More specifically, I worked in trade magazines, covering the Canadian marketing industry. I like to think of it as “business lite.” The typical story contained a few numbers and a LOT of pictures.

I didn’t choose the field as much as it chose me. My first job out of j-school (that’s journalism school to you) was as a staff writer at Marketing Magazine, where I wrote about homegrown advertising campaigns, interviewed bombastic creative directors, and tried to wrap my head around media buys. This thing called the internet was just taking off then, and there were loft parties featuring DJs and trampolines and rooms carpeted with real live grass thrown by dot-com companies whose names I can’t remember, which is okay because none of them exist anymore, anyway. This was called “research.” But I digress.

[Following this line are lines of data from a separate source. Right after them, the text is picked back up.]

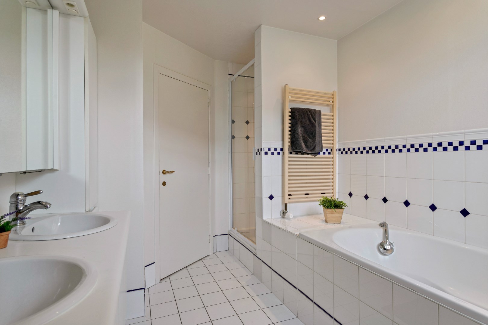 Op de eerste verdieping zijn er 3 ruime slaapkamers waarvan één met dressing. Verder is er nog een apart toilet en badkamer met bad, douche en dubbele lavabo.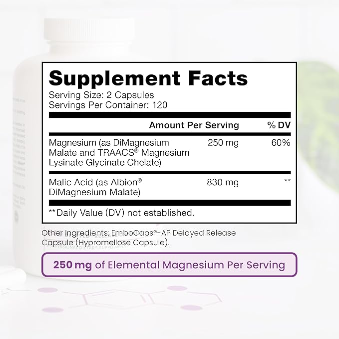 - ππππππππ ππππππππππ: Optimum Magnesium features highly bioavailable, well-tolerated Magnesium Lysinate Glycinate chelate, plus Malic Acid from Di-Magnesium Malate for increased efficacy. To further improve absorption, Optimum Magnesium utilizes EmboCaps for a delayed release of 45 minutes into the small intestine. This delayed release allows for optimal absorption and bioavailability.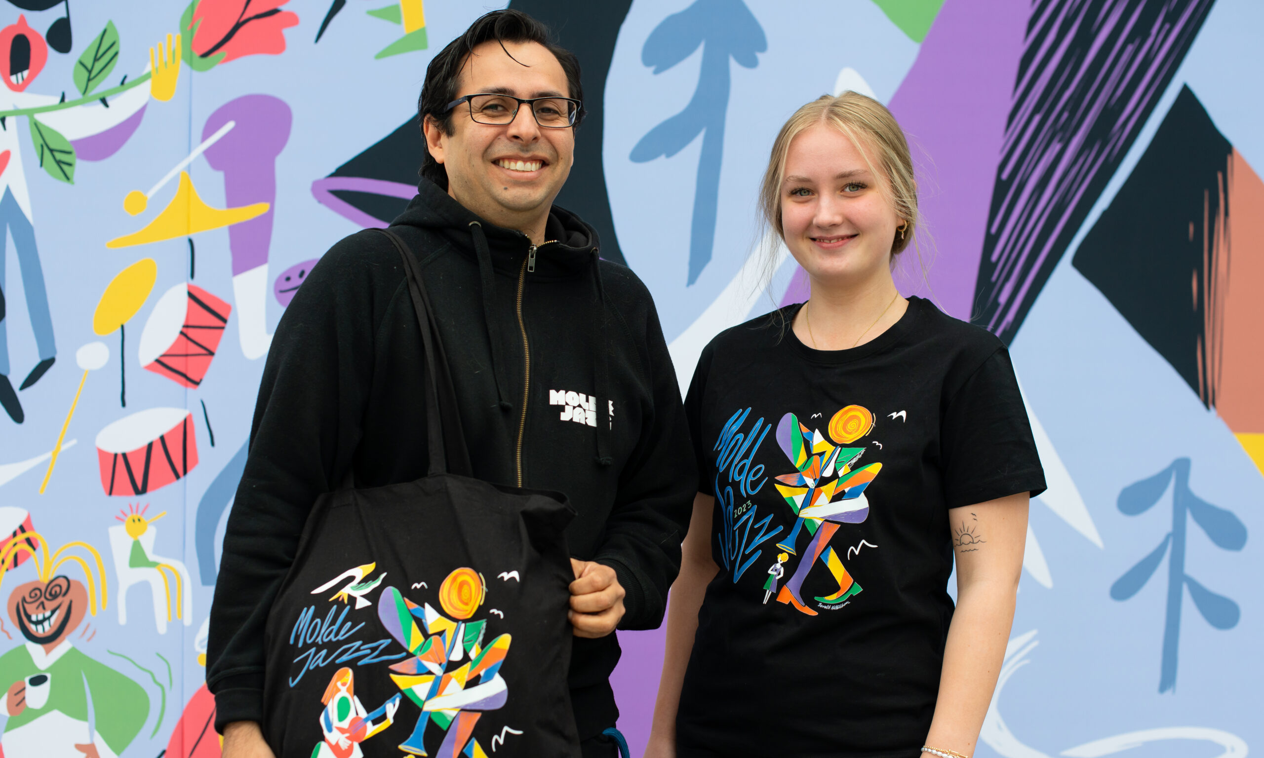 Årets festivalskjorte er designet av Festivalkunstner Bendik Kaltenborn som har hentet inspirasjon fra det fantastiske veggmaleriet til Gunnar Haukebø på Kneippen. Vår mangeårige samarbeidspartner og sponsor, Spektrum Profil, trykker skjortene lokalt på Vike i Vestnes kommune. Skjortene er i år av merket Stanley/Stella og de har bærekraft som en av kjerneverdiene. Stanley/Stella er blant annet GOTS-sertifisert - en av de mest rigide sertifiseringene for organisk bomull. Det garanterer at bomullen er organisk dyrket uten genmodifiserte frø eller skadelige kjemikaler, samt at det skal kunne spores helt fra høsting til kunden (les mer om løsningen her)

After an extended stint as a web copywriter and a pause for a master’s degree, I came back to journalism and got a job as an editor at strategy magazine, the direct competitor to Marketing. At strategy I interviewed dozens of VPs marketing and CEOs of major Canadian brands, from LG to Ford to Lululemon to McDonald’s. To prepare for an interview, I would trawl the company website for annual reports and press releases, and read every profile and article I could find online. I was Facebook friends with more corporations than I care to admit. Depending on the company, there was either a rushing river of information or, in many cases, a trickle.

If only I’d had access then to the kind of databases we have at Bronfman. Sometimes I walk into the library and resist the urge to skip and frolic like Veruca Salt in Willy Wonka’s Chocolate Room. Market share? Child’s play! Industry forecasts? Sustainability reports? Supply chain? Check, check, check. The research tools we have are so tantalizing, I’m surprised that more business journalists don’t pose as Schulich students at the reference desk. (Be warned: I will spot you if you try.)

I can honestly say that my motivation to become a librarian had much to do with finding a cure for this database envy. There’s nothing more satisfying than finding the answer to your question. I’m the kind of person who likes to have it all at her fingertips. And now, relatively speaking, I do.